The Japanese academic year starts in April, so late winter is our “summer break.” Abe issued guidelines last month requesting that schools around the country cancel the last week or so of classes so kids could stay home for even longer. (Unofficial polls conducted by this correspondent reveal Abe’s approval rating to be at an all-time high among ten-year-olds.) Most schools complied, and due to a stoic determination in the face of crisis learned over long years of experience with sudden changes in fortune—coupled with probably the most thorough handwashing and general hygiene culture in the history of the world—Japan held fast and the virus was at bay.

Japan has an excellent health system, a culture of not panicking and kicking in when times are hard, and a free and open press that allows for rapid dissemination of accurate information. We are in good shape.
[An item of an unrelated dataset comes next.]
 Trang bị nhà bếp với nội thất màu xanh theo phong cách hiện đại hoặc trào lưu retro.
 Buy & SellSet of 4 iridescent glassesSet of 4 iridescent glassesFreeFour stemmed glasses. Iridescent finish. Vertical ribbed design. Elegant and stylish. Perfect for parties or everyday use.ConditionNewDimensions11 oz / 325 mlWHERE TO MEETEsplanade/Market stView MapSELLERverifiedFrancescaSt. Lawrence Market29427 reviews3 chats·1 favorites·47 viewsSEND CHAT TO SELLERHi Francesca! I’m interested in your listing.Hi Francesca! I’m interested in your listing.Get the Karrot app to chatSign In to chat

Folks wear masks all the time anyway (to avoid colds, to keep pollen away during hayfever season, and to protect others when sneezing and coughing), and even during bad flu outbreaks the packed trains in Tokyo somehow aren’t the breeding grounds for infection that one would expect in other parts of the world.
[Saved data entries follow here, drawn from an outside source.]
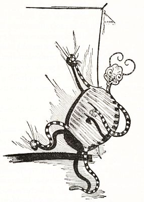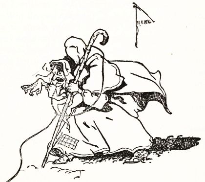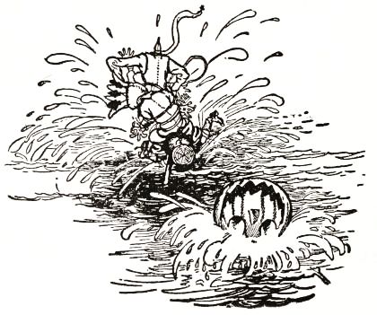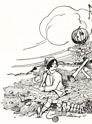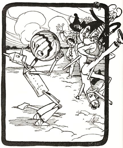 "Jack's all right, and works fine!" he said to himself, panting with the unusual exertion. But just then he discovered the man's left arm had fallen off in the journey; so he went back to find it, and afterward, by whittling a new and stouter pin for the shoulder-joint, he repaired the injury so successfully that the arm was stronger than before. Tip also noticed that Jack's pumpkin head had twisted around until it faced his back; but this was easily remedied. When, at last, the man was set up facing the turn in the path where old Mombi was to appear, he looked natural enough to be a fair imitation of a Gillikin farmer,—and unnatural enough to startle anyone that came on him unawares.
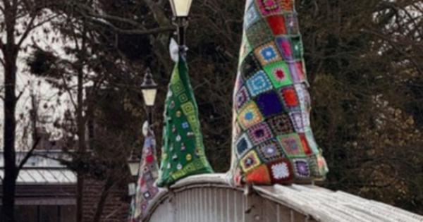 FIVE colourful crocheted Christmas trees have been attached to street lamps on Whitchurch Bridge.
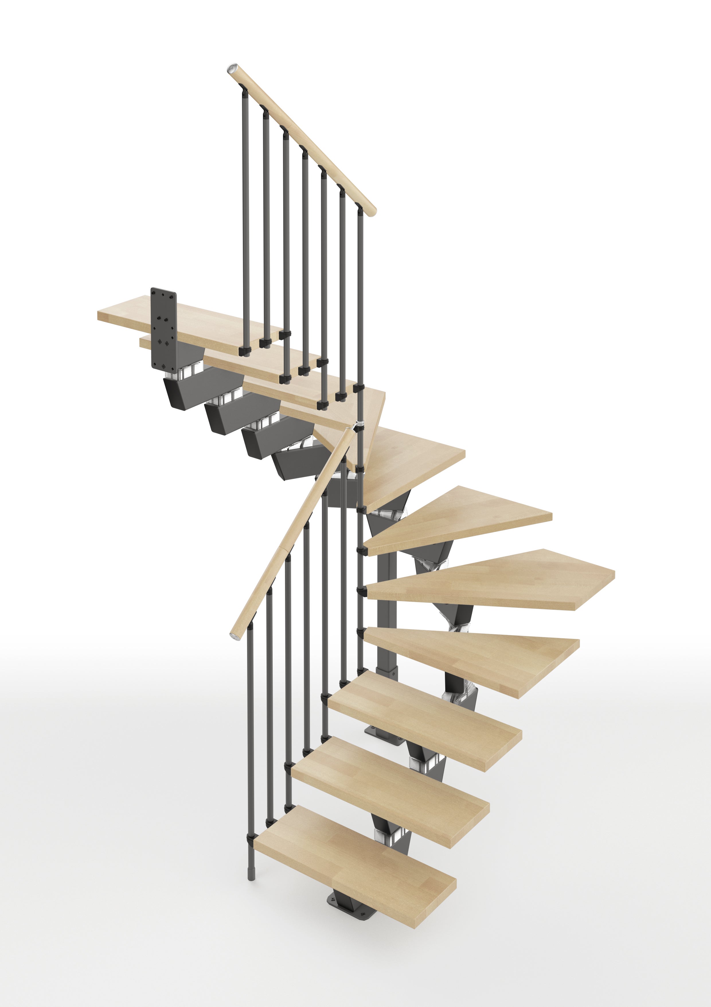 Vida - Escalier double quart tournant (U Forme - 2/4 tournant) - Largeur 65 cm - 12 Marches - 13 Contremarche - Rampe avec colonnes vertical (Modèle Tube) (un côté) - Main Courante Bois - Soutien au sol (35-100 cm) - Couleur Bois: Naturel 12 - Couleur Métal: Gris Anthracite

We seem to be turning into the same gale that has beset so many other places around the world. But whatever happens with the virus, the real story, the real historical change, is probably economic. Abenomics seems to be dead. Prime Minister Abe’s career may be over, as it will be very difficult for him to avoid association with Xi Jinping. QE is failing here, just as it always will everywhere. A reliance on tourism and consumption cannot conceal the structural problems with the economy overall. Public debt is increasing, and taxes keep going up. Two lost decades are shading into three. Something else will have to be tried, because Keynesianism is spectacularly not working. (You have to give the Keynesians credit (no pun intended)—like coronavirus, they never die.)
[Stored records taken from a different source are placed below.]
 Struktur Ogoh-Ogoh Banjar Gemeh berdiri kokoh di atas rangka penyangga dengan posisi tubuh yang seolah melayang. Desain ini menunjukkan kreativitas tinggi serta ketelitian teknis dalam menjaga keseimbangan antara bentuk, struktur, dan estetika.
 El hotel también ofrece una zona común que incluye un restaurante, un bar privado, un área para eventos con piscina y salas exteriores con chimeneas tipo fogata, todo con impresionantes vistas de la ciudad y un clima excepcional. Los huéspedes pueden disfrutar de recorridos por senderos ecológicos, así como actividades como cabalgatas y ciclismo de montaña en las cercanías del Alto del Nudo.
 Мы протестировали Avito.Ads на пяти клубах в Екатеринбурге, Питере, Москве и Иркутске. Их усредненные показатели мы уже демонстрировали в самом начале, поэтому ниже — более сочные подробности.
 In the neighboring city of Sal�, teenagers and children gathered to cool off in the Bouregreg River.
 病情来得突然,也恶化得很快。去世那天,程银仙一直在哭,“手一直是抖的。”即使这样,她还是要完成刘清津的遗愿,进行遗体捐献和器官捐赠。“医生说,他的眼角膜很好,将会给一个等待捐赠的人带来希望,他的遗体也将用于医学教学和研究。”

And keep an eye on constitutional reform. One bright ray of hope in all this is that Japan may yet revise “its” constitution (actually imposed by New Deal radicals in 1947) to regain full sovereignty and control over its self-defense forces. Those self-defense forces acquitted themselves beautifully nine years ago, saving countless lives in Fukushima and Iwate alongside the US military in Operation Tomodachi. I look for true Japanese recovery to come from that fighting spirit of volunteerism. If the desire to protect Japan from within can finally bubble up to the level of constitutional politics, then the coronavirus may very well be remembered as a good turning point for us here.